**Assignment:**
Take the lines below from the one with "Own a piece" through the one with "Neben vielen Südtiroler" and retype them exactly. Include nothing else, and no pictures.

*** Block opens ***

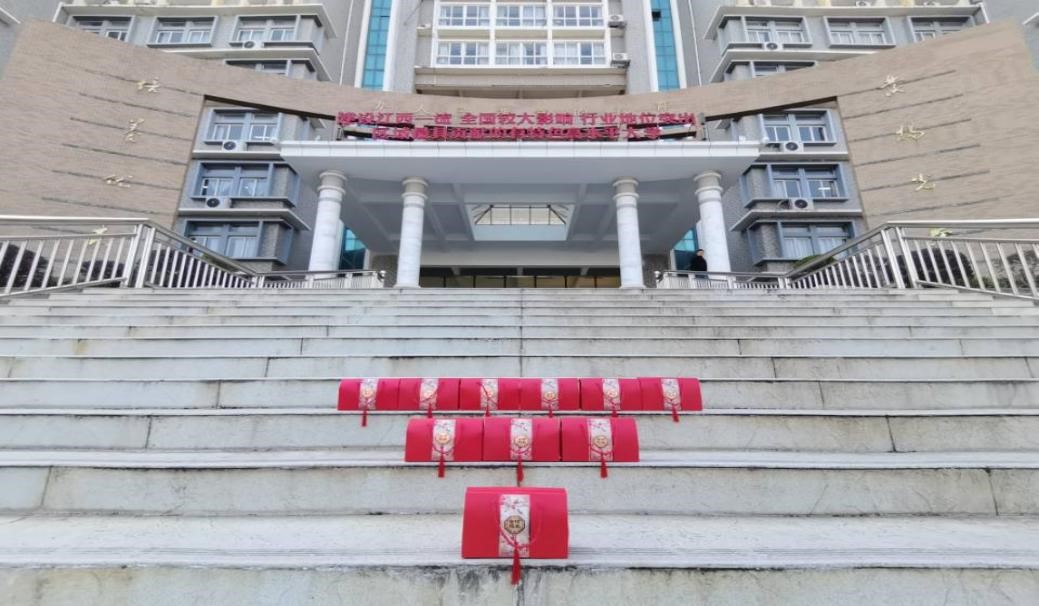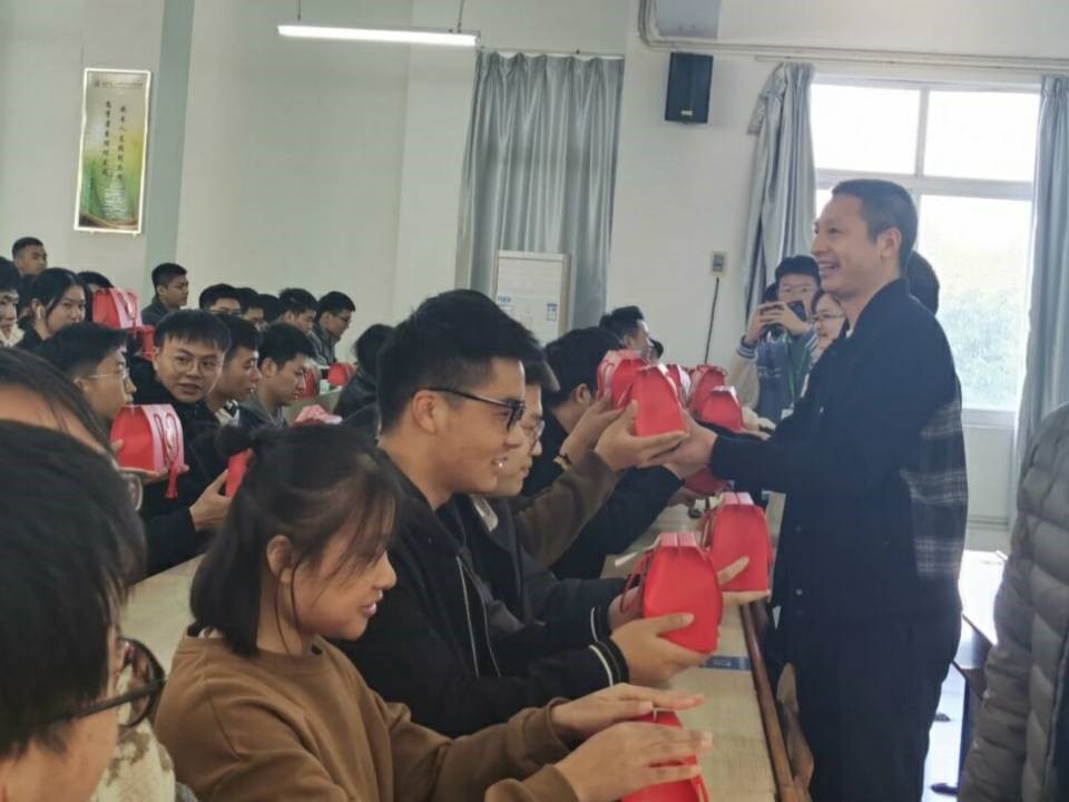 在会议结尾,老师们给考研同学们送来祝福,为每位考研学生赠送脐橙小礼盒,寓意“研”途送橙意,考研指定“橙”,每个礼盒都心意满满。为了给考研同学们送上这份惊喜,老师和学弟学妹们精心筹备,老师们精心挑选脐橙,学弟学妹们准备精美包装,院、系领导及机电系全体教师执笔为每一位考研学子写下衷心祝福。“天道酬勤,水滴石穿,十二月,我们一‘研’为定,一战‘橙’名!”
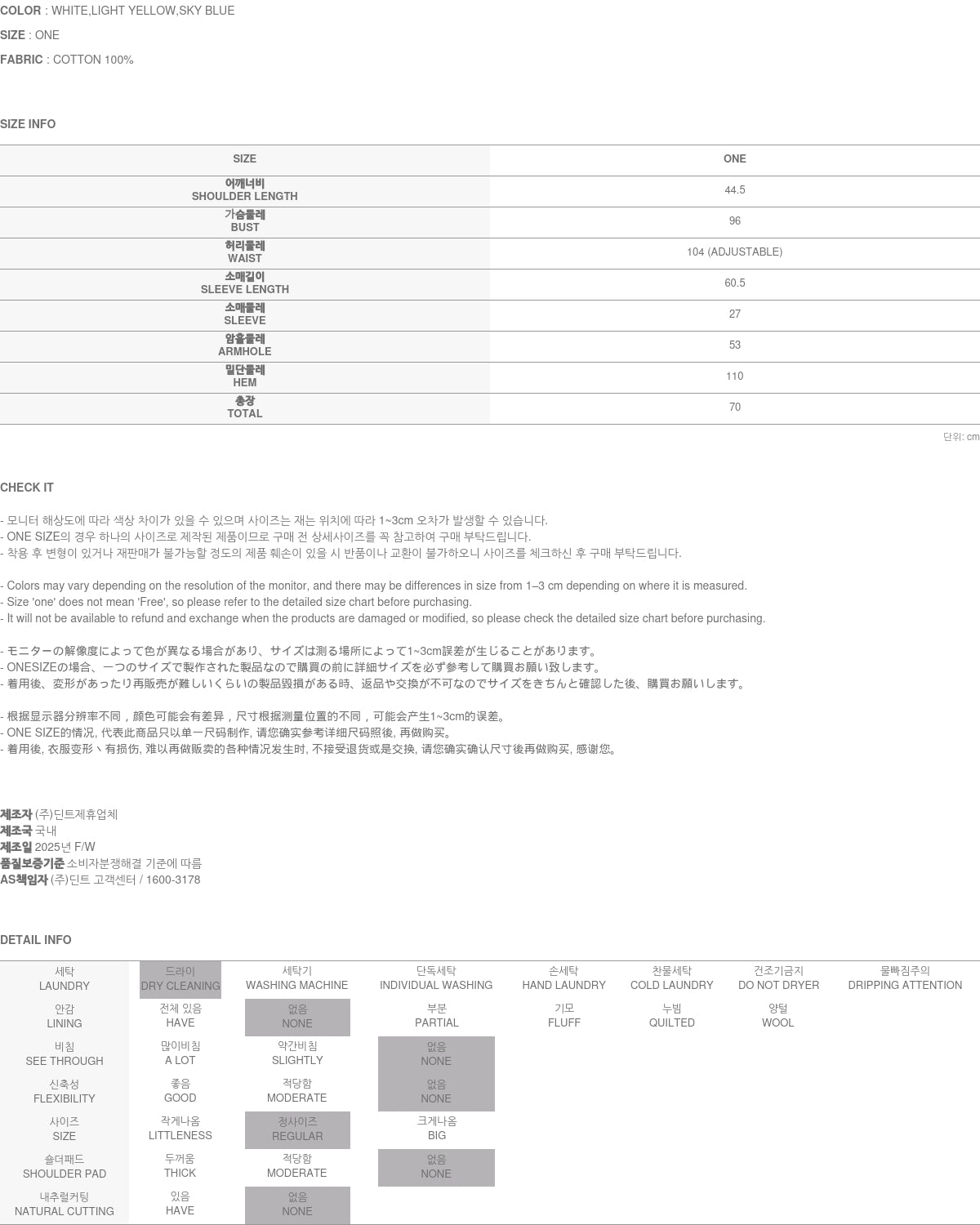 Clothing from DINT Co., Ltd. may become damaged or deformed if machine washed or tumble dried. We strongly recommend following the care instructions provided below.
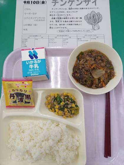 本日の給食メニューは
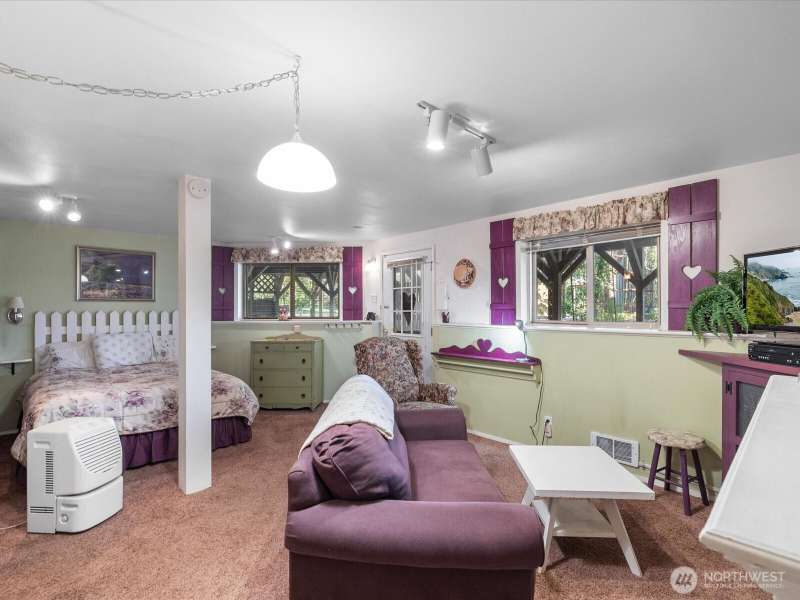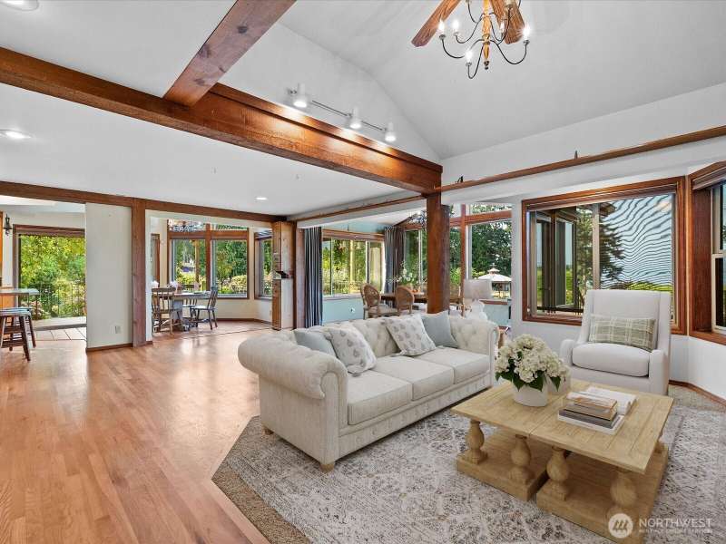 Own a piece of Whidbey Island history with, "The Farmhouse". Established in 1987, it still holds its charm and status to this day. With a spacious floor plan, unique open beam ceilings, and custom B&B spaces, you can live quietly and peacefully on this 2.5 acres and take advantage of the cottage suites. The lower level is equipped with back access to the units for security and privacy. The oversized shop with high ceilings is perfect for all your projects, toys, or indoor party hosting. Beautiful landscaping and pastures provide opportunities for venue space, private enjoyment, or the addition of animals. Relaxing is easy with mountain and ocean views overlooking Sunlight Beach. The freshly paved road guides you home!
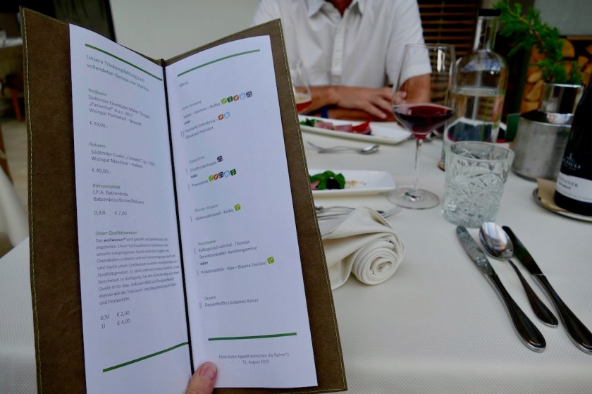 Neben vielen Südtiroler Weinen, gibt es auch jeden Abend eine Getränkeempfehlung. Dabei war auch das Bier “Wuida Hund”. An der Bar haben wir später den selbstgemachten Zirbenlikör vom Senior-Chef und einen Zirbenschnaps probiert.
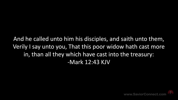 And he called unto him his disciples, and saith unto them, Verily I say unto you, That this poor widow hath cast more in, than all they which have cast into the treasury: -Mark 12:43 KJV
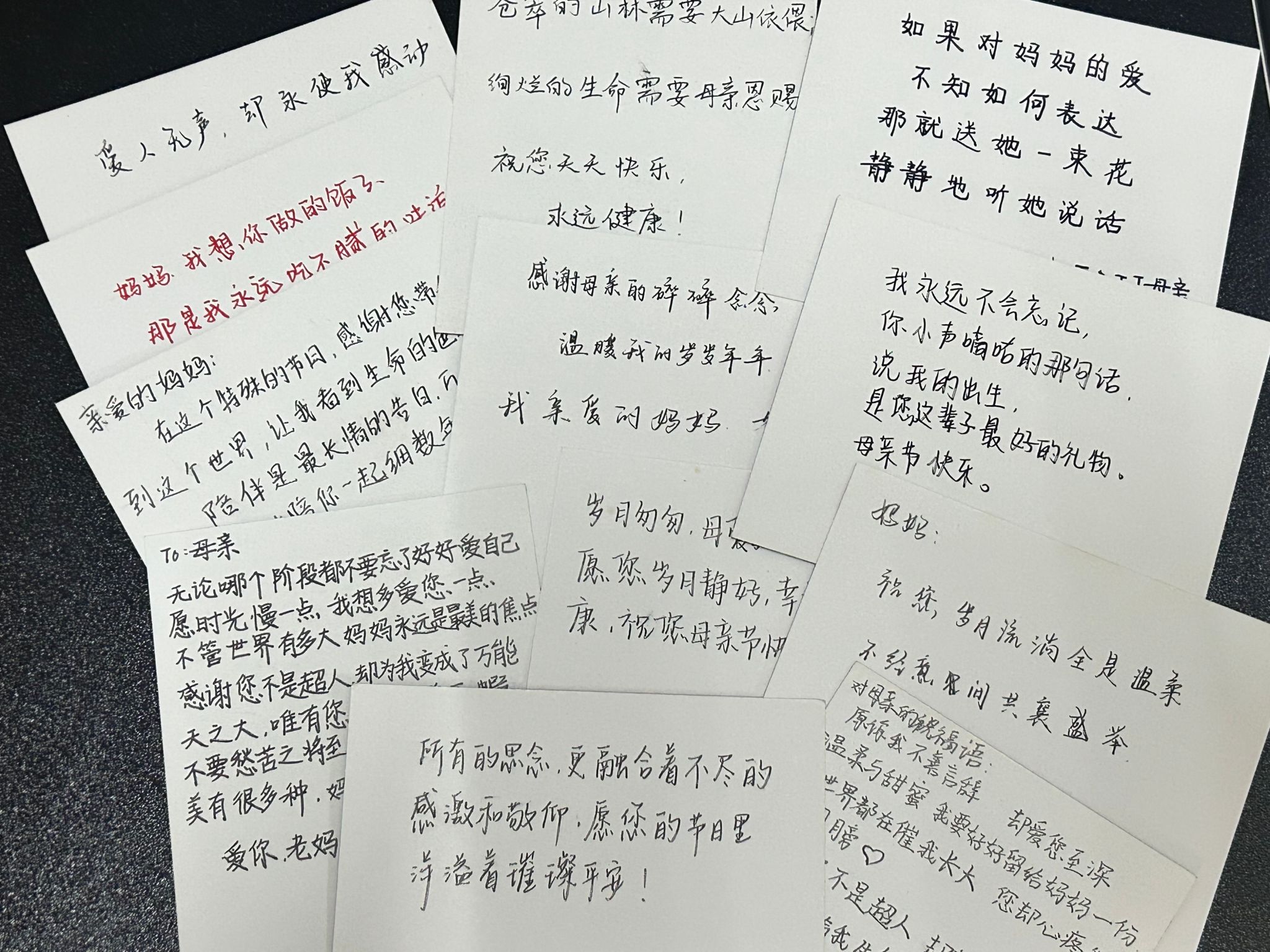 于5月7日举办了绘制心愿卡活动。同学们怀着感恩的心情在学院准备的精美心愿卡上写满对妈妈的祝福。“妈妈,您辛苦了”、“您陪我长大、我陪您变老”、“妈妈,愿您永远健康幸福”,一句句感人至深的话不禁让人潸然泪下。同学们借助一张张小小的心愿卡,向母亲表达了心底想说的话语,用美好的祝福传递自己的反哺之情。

*** Block closes ***

**Response:**
 Own a piece of Whidbey Island history with, "The Farmhouse". Established in 1987, it still holds its charm and status to this day. With a spacious floor plan, unique open beam ceilings, and custom B&B spaces, you can live quietly and peacefully on this 2.5 acres and take advantage of the cottage suites. The lower level is equipped with back access to the units for security and privacy. The oversized shop with high ceilings is perfect for all your projects, toys, or indoor party hosting. Beautiful landscaping and pastures provide opportunities for venue space, private enjoyment, or the addition of animals. Relaxing is easy with mountain and ocean views overlooking Sunlight Beach. The freshly paved road guides you home!
 Neben vielen Südtiroler Weinen, gibt es auch jeden Abend eine Getränkeempfehlung. Dabei war auch das Bier “Wuida Hund”. An der Bar haben wir später den selbstgemachten Zirbenlikör vom Senior-Chef und einen Zirbenschnaps probiert.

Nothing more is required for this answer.